In terms of safety, ASCT is known to cause substantial toxicity and is difficult for patients to tolerate. The TRIANGLE study found there was no major difference between the two ASCT-containing arms in the incidence of grade 3 to 5 adverse events, with neutropenia, febrile neutropenia, leukopenia, and infections being the most common. In the comparison between ibrutinib plus ASCT vs ibrutinib as a substitute for ASCT, more grade 3 or higher adverse events were observed during maintenance with the combination of ASCT and ibrutinib.

In the maintenance phase of treatment, the standard of care plus ibrutinib led to higher rates of adverse events compared with either the standard of care or ibrutinib alone. This suggests ibrutinib may have optimal use as a replacement for, rather than an addition to, ASCT. “From the perspective of toxicity, the ideal regimen is a combination of conventional chemotherapy plus ibrutinib,” said Dr. Dreyling.

Overall, adding ibrutinib to induction treatment and as maintenance therapy with or without ASCT was feasible and active.
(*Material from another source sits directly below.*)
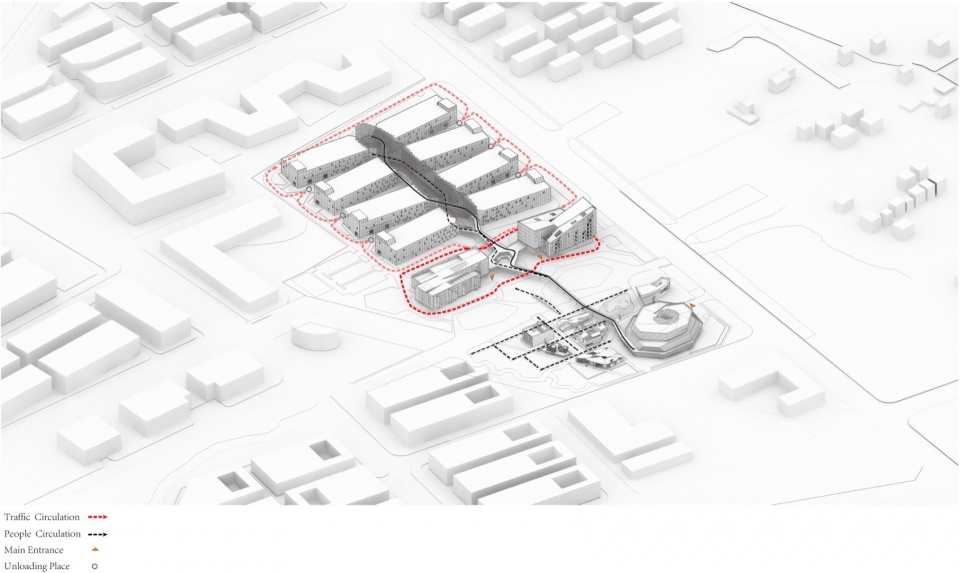 Furthermore, the interlocking forms of the east and west buildings enclose a spacious ground-floor lobby—a public core for gathering and interaction. Mid-level and rooftop formed by vertical misalignments create interior courtyard gardens, introducing greenery into the building and expanding open activity areas, infusing functional space with natural vitality.

Also, the current standard high-dose regimen is not superior to the ibrutinib-containing regimen without ASCT, the researchers found, but they said longer follow-up is needed. 
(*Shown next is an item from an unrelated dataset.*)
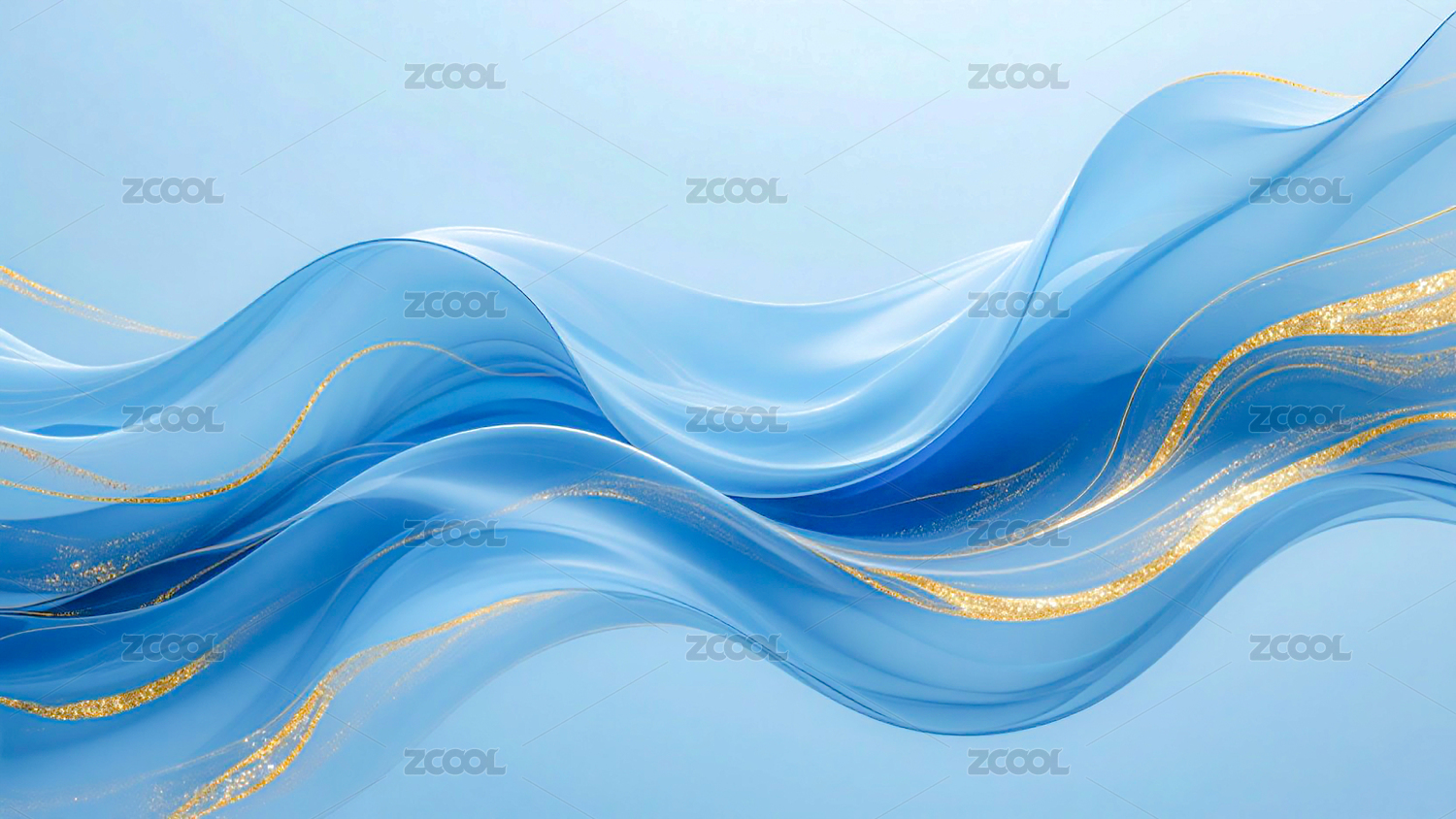 蓝色,飘逸,背景,装饰画,金色点缀,抽象,艺术,丝绸,曲线,动态

DISCLOSURE: The study was supported by Janssen. Dr. Dreyling has served as a consultant and/or received honoraria or research funding from Lilly/Loxo, AstraZeneca, Novartis, Roche, Janssen, Gilead Sciences/Kite, Amgen, BMS/Celgene, Bayer, AbbVie, and BeiGene. Dr. Sekeres has served on boards of directors or advisory committees for Novartis, Takeda/Millennium, and BMS.

REFERENCE

1. Dreyling M, Doorduijn JK, Gine E, et al: Efficacy and safety of ibrutinib combined with standard first-line treatment or as substitute for autologous stem cell transplantation in younger patients with mantle cell lymphoma: Results from the randomized Triangle trial by the European MCL Network. 2022 ASH Annual Meeting and Exposition. Abstract 1. Presented December 11, 2022.